Entries taken from a collection
* * * *
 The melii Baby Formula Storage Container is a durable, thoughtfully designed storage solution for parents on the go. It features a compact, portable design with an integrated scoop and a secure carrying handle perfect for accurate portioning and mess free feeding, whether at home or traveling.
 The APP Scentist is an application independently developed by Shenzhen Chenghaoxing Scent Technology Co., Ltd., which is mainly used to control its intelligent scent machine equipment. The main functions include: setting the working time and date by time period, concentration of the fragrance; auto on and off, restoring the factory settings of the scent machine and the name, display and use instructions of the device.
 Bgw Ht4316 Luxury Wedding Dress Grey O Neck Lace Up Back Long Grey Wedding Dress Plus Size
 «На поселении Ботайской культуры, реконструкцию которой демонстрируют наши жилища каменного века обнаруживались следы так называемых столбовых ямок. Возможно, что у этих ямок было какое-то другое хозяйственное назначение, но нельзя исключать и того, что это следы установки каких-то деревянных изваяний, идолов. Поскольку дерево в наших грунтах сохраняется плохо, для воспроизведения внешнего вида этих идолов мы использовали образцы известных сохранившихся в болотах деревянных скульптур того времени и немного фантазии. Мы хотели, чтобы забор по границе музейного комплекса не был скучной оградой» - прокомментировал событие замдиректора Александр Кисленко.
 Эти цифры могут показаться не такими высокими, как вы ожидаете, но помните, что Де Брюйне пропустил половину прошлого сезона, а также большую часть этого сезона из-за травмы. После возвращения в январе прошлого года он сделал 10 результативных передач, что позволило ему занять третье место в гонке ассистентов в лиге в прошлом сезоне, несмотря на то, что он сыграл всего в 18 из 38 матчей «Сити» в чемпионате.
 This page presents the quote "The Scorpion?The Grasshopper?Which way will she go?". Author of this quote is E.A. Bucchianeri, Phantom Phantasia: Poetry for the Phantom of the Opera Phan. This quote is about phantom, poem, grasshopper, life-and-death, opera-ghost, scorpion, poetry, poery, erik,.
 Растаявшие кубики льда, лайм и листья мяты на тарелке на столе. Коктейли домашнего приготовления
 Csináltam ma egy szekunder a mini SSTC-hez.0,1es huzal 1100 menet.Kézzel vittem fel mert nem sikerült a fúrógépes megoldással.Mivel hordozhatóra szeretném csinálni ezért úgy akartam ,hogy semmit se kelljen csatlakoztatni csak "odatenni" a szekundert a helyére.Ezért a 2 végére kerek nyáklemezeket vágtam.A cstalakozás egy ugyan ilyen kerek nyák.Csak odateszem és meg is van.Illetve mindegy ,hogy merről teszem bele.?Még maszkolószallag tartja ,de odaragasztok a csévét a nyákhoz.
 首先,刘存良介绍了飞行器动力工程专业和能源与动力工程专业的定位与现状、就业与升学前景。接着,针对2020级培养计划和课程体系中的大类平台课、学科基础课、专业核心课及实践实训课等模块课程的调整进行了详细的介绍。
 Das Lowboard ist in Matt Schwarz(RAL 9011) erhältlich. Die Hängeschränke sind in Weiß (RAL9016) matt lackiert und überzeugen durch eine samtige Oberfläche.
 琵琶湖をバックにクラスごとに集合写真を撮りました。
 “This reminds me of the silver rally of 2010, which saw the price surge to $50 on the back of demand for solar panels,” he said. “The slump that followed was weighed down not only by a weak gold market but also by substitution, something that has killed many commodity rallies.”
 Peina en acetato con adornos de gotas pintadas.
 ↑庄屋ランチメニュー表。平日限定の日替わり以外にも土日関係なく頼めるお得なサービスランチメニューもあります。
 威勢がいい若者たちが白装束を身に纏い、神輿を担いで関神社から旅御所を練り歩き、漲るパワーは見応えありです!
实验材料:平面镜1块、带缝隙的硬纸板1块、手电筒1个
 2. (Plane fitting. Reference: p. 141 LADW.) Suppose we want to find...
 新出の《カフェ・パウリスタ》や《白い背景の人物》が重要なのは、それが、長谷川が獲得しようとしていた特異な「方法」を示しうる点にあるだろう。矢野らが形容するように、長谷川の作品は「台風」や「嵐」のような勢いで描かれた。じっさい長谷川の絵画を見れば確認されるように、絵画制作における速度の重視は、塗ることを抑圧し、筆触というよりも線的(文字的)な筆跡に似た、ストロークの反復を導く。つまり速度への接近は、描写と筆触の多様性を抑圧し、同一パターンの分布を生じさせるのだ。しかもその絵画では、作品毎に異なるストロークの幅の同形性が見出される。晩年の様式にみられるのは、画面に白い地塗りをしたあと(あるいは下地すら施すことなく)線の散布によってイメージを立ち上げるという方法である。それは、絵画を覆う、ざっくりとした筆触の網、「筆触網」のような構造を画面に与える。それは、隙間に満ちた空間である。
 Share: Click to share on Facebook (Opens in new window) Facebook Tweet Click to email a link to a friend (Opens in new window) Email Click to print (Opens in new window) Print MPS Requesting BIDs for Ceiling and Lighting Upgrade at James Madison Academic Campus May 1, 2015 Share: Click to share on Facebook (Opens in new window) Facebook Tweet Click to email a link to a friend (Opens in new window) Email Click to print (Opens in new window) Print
* * * *
YOUR OBJECTIVE:
Beginning with the line that contains "实验材料:平面镜1块、带缝隙的硬纸板1块、手电筒1个", quote each line exactly through the last line of the entries above, and nothing beyond them.

SOLUTION:
实验材料:平面镜1块、带缝隙的硬纸板1块、手电筒1个
 2. (Plane fitting. Reference: p. 141 LADW.) Suppose we want to find...
 新出の《カフェ・パウリスタ》や《白い背景の人物》が重要なのは、それが、長谷川が獲得しようとしていた特異な「方法」を示しうる点にあるだろう。矢野らが形容するように、長谷川の作品は「台風」や「嵐」のような勢いで描かれた。じっさい長谷川の絵画を見れば確認されるように、絵画制作における速度の重視は、塗ることを抑圧し、筆触というよりも線的(文字的)な筆跡に似た、ストロークの反復を導く。つまり速度への接近は、描写と筆触の多様性を抑圧し、同一パターンの分布を生じさせるのだ。しかもその絵画では、作品毎に異なるストロークの幅の同形性が見出される。晩年の様式にみられるのは、画面に白い地塗りをしたあと(あるいは下地すら施すことなく)線の散布によってイメージを立ち上げるという方法である。それは、絵画を覆う、ざっくりとした筆触の網、「筆触網」のような構造を画面に与える。それは、隙間に満ちた空間である。
 Share: Click to share on Facebook (Opens in new window) Facebook Tweet Click to email a link to a friend (Opens in new window) Email Click to print (Opens in new window) Print MPS Requesting BIDs for Ceiling and Lighting Upgrade at James Madison Academic Campus May 1, 2015 Share: Click to share on Facebook (Opens in new window) Facebook Tweet Click to email a link to a friend (Opens in new window) Email Click to print (Opens in new window) Print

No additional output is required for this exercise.